Closed Bug 229872 Opened 21 years ago Closed 21 years ago

The filename with non-ascii characters doesn't show up in the attachment window.

Categories

(MailNews Core :: Composition, defect)

x86
Windows XP
defect
Not set
major

Tracking

(Not tracked)

RESOLVED FIXED
mozilla1.7alpha

People

(Reporter: charlie.chang, Assigned: jshin1987)

References

Details

(Keywords: intl)

Attachments

(4 files, 1 obsolete file)

User-Agent:       Mozilla/5.0 (Windows; U; Windows NT 5.1; en-US; rv:1.7a) Gecko/20040101
Build Identifier: Mozilla/5.0 (Windows; U; Windows NT 5.1; en-US; rv:1.7a) Gecko/20040101

When I write an email and attach a filename with Chinese-Big5 character (the
name of the file), the filename doesn't show up in the attachment window.

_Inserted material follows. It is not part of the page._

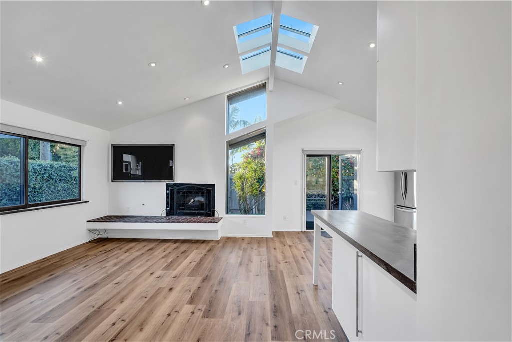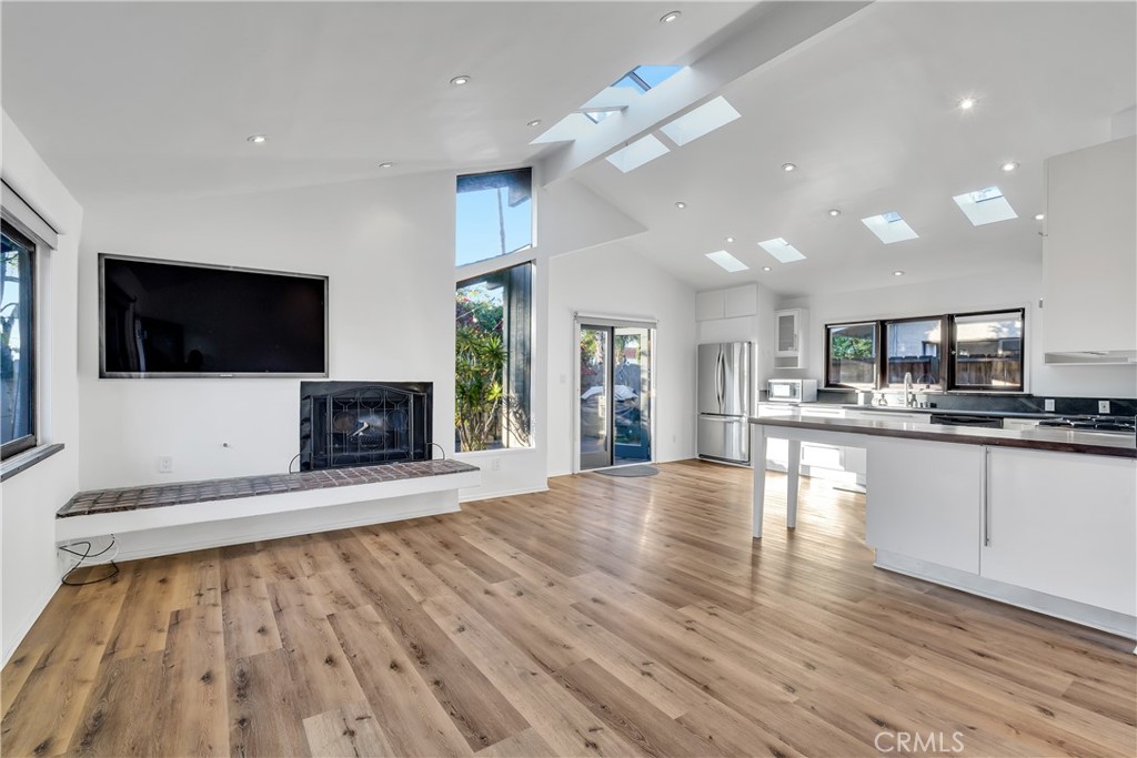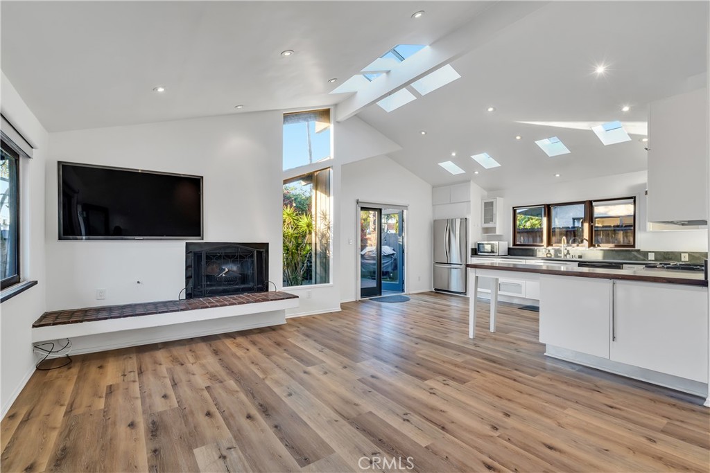 – Open-concept living + kitchen with dramatic ceiling height

It
appears to be blank.

Reproducible: Always

Steps to Reproduce:
1. Compose a new email.
2. Try to attach a file with Chinese-Big5 characters.
3. The filename doesn't show up.

Actual Results:  
As step 3.

Expected Results:  
Show the correct filename....
Reporter, if problem occurs not only in composing panel but also in draft
display/edit panel, mail source helps developer to analyze the problem.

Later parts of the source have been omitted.